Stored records
★ ★ ★ ★
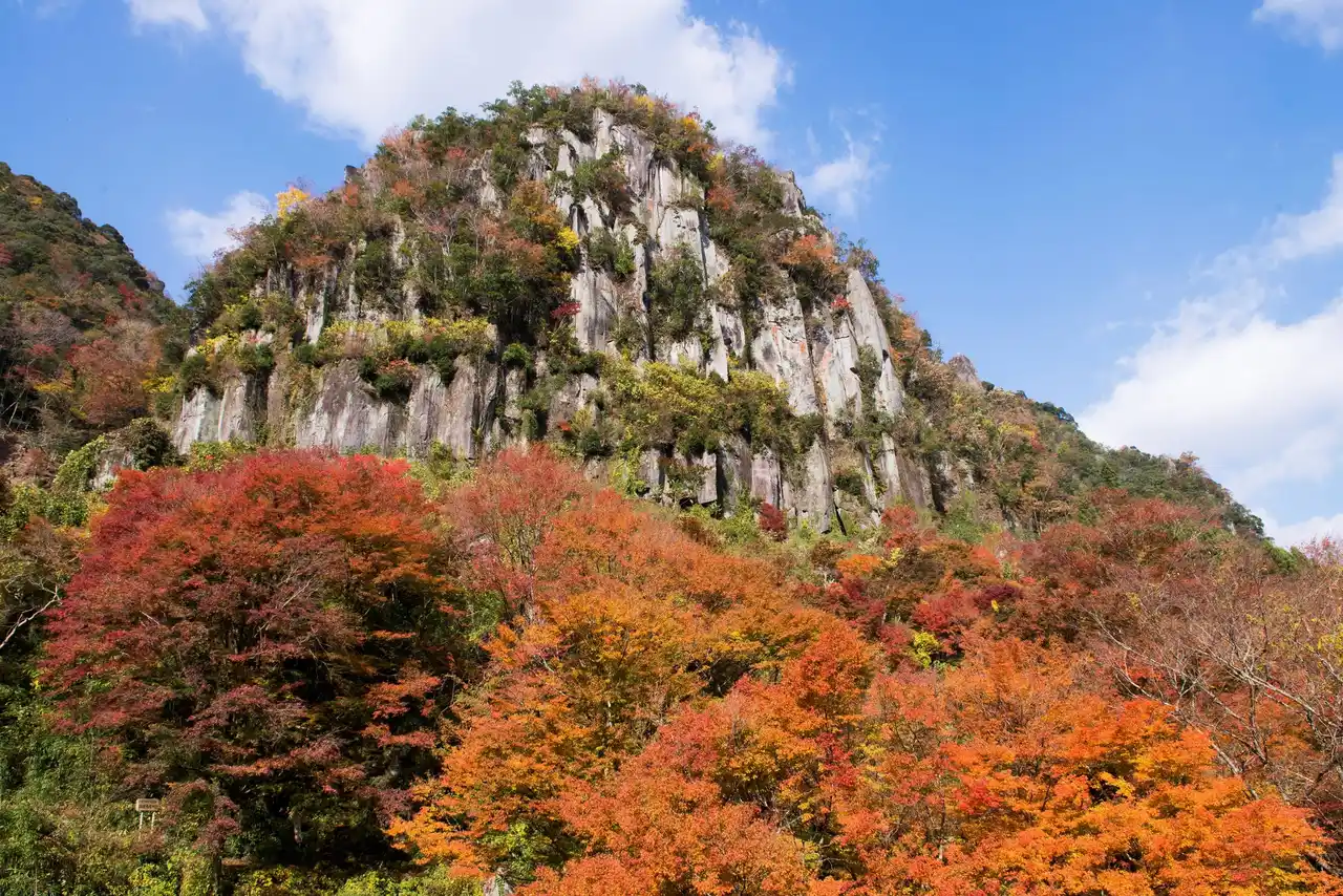 | 断崖絶壁の数々の岩肌に紅葉が連なる姿は錦絵の世界、九州が誇る日本三大紅葉のひとつをお楽しみください。 | ||||||||||||||
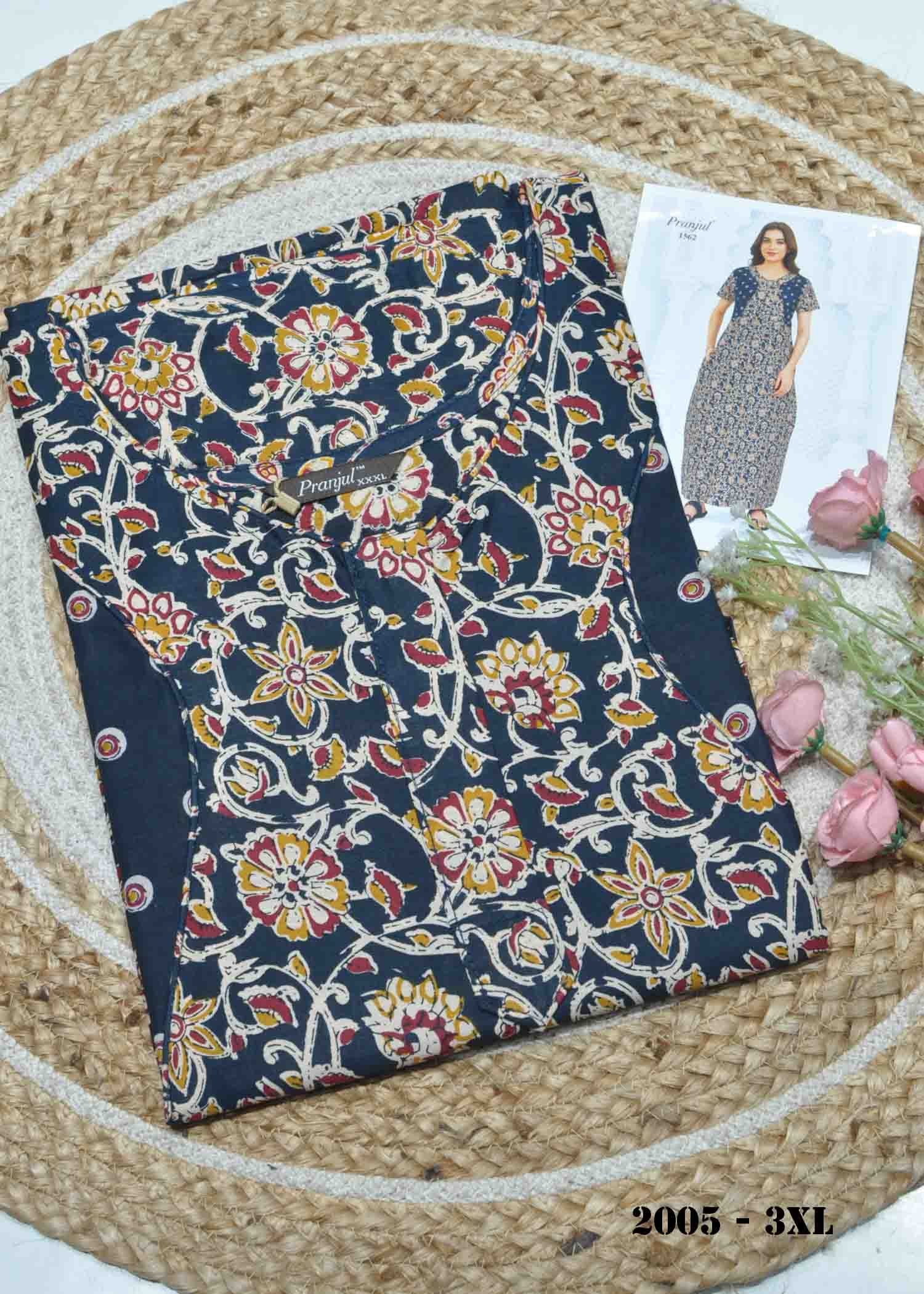 Nivarthika -2005 [3XL] NavyBlue Color (Pranjul Brand) Cotton Readymade Pocket Nighty CM1313899 (RR1B)
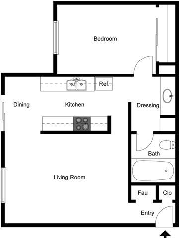 Estudio, 1 Baño, 543 pies²Disponible AhoraGalería del Modelo
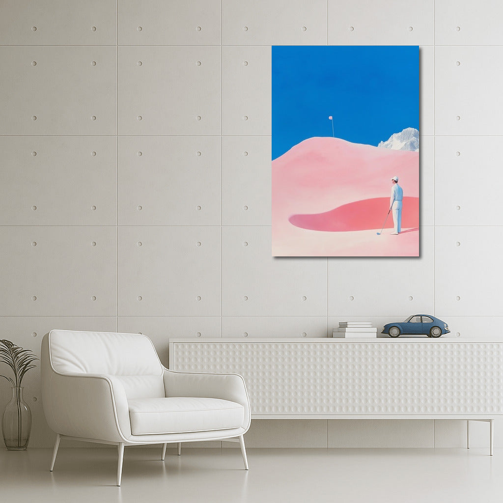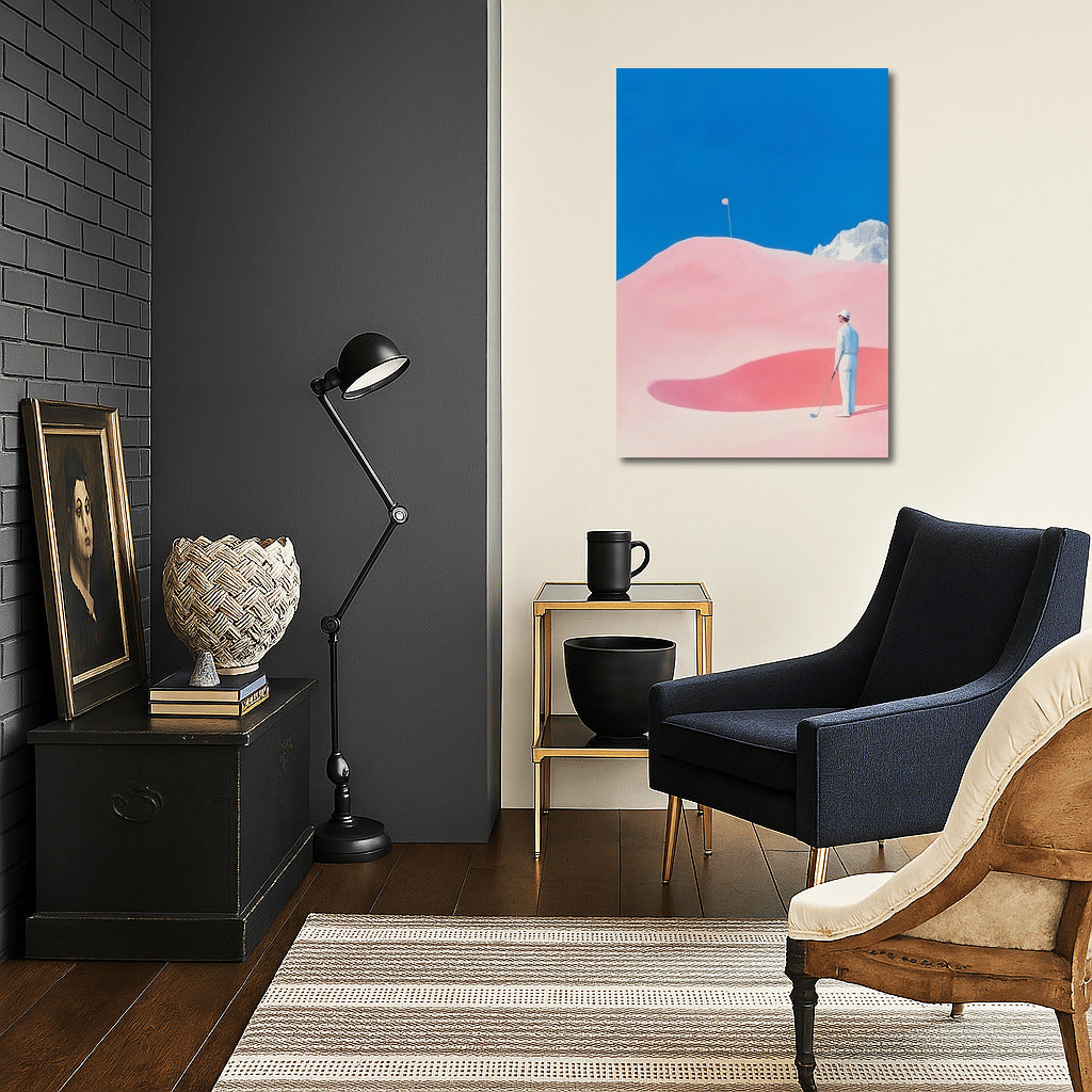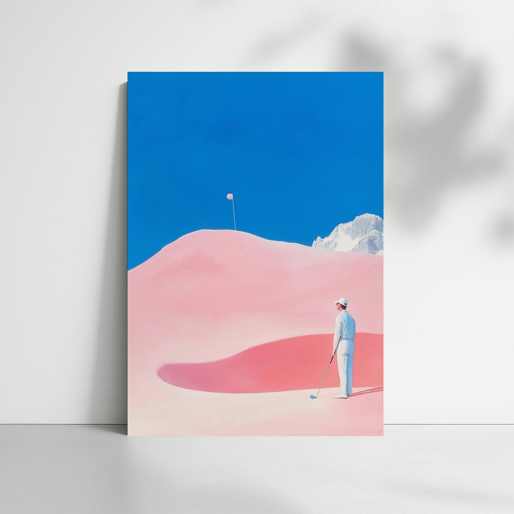 A graceful poster of a dreamy figure on a fantasy golf course. Modern wall art for inspiration. See more from the collection: Mixed Wall Art
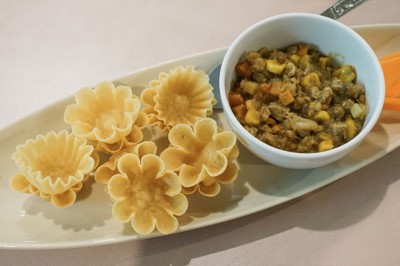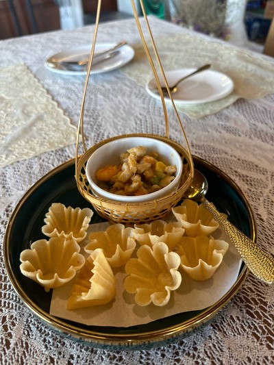 ตักไส้ใส่ในตัวกระทงทอง เคี้ยวกรอบกินเพลิน ตัวไส้เป็นไก่และกุ้งผัดกับรากผักชีกระเทียมพริกไทยหอมๆ
★ ★ ★ ★
Provide an exact copy of the records, excluding every picture.

▶ _REPLY_:
 | 断崖絶壁の数々の岩肌に紅葉が連なる姿は錦絵の世界、九州が誇る日本三大紅葉のひとつをお楽しみください。 | ||||||||||||||
 Nivarthika -2005 [3XL] NavyBlue Color (Pranjul Brand) Cotton Readymade Pocket Nighty CM1313899 (RR1B)
 Estudio, 1 Baño, 543 pies²Disponible AhoraGalería del Modelo
 A graceful poster of a dreamy figure on a fantasy golf course. Modern wall art for inspiration. See more from the collection: Mixed Wall Art
 ตักไส้ใส่ในตัวกระทงทอง เคี้ยวกรอบกินเพลิน ตัวไส้เป็นไก่และกุ้งผัดกับรากผักชีกระเทียมพริกไทยหอมๆ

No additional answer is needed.